Suite donc aux interpellations incessantes de nos concitoyens, nos autorités n’ont trouvé mieux que d’investir elles-mêmes le terrain pour leur montrer leur bonne volonté d’assainir la capitale Bamako. Surtout qu’Ozone-Mali ne parvient pas à combler les attentes.
On se souvient encore que le samedi 18 décembre 2015, la Coordination des associations pour le développement de Bagadadji (Coadeb) avait organisé une Journée de salubrité du Centre hospitalier universitaire Gabriel Touré, en le débarrassant de ses saletés. Mais en fait, cette initiative était une idée originale de l’Association «Balai Sanitaire» dirigée par Balla Mariko. Idée très rapidement détournée par la Coadeb pour soigner l’image du gouvernement en place. Dans la foulée, ce jour, il fallait voir trois ministres de la République manifester leur zèle, tout comme s’il n’y avait pas un Département ou des structures en charge de l’assainissement dans notre pays. «Nos autorités, qui ont longtemps passé sous silence les conditions inhumaines des patients et travailleurs de cet hôpital, sont arrivées ce matin avant même l’arrivée de nos bénévoles pour nettoyer cet hôpital. Cela, à notre grande surprise», martelait Balla Mariko, qui préside aussi l’Association humanitaire «Solidaris223».Tout cela, soutenait-il, pour détourner l’attention des populations.
Et pour mieux y parvenir, c’est le président de la République qui a choisi de rentrer dans la danse, d’investir ce «marché de dupes» dans lequel le peuple est inconsciemment embarqué. En tout cas, ce samedi 28 mai 2016, ils étaient presque tous là, les barons du pays : le président IBK en tête du peloton ; le Premier ministre, Modibo Kéïta ; plus d’une dizaine de ministres, le directeur de Cabinet de la Présidence de la République et autres dignitaires du pays. Avec balais, râteaux, brouettes… ils faisaient honte aux Maliennes et aux Maliens.

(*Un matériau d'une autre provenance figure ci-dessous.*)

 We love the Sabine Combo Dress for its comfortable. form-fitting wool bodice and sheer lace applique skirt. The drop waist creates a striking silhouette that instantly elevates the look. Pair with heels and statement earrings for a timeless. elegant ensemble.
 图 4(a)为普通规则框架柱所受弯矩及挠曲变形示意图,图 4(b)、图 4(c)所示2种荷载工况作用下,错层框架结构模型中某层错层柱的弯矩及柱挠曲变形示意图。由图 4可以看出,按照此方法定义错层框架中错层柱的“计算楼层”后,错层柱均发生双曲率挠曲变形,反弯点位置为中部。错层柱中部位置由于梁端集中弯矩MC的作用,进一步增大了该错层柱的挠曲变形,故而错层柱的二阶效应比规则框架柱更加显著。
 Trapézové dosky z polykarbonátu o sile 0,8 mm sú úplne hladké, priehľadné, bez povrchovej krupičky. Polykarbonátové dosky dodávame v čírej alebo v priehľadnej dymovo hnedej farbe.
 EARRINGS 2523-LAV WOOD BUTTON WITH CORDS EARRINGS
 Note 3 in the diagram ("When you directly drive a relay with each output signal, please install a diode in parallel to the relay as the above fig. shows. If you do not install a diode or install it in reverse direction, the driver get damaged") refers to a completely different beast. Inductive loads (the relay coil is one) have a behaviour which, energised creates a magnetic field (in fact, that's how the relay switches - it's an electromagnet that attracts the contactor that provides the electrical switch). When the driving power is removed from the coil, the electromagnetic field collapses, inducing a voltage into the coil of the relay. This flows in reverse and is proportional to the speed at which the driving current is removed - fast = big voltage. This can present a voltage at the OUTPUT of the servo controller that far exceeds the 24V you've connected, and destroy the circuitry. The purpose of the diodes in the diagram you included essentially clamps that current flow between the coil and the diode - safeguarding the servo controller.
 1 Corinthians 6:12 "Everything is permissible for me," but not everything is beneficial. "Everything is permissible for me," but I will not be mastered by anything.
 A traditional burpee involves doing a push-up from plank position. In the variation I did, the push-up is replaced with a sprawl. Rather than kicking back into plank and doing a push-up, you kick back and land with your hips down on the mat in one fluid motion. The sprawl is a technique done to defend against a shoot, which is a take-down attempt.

De qui se moquent nos gouvernants actuels ? Faire du cinéma ou du cirque pour prouver à l’opinion nationale et internationale qu’on travaille, cela ressemble fort à une foutaise ! Nos plus hautes autorités feraient mieux de se constituer en un GIE (Groupement d’intérêt économique) pour remplacer Ozone-Mali, au lieu de se donner en spectacle pour ternir davantage l’image de notre pays.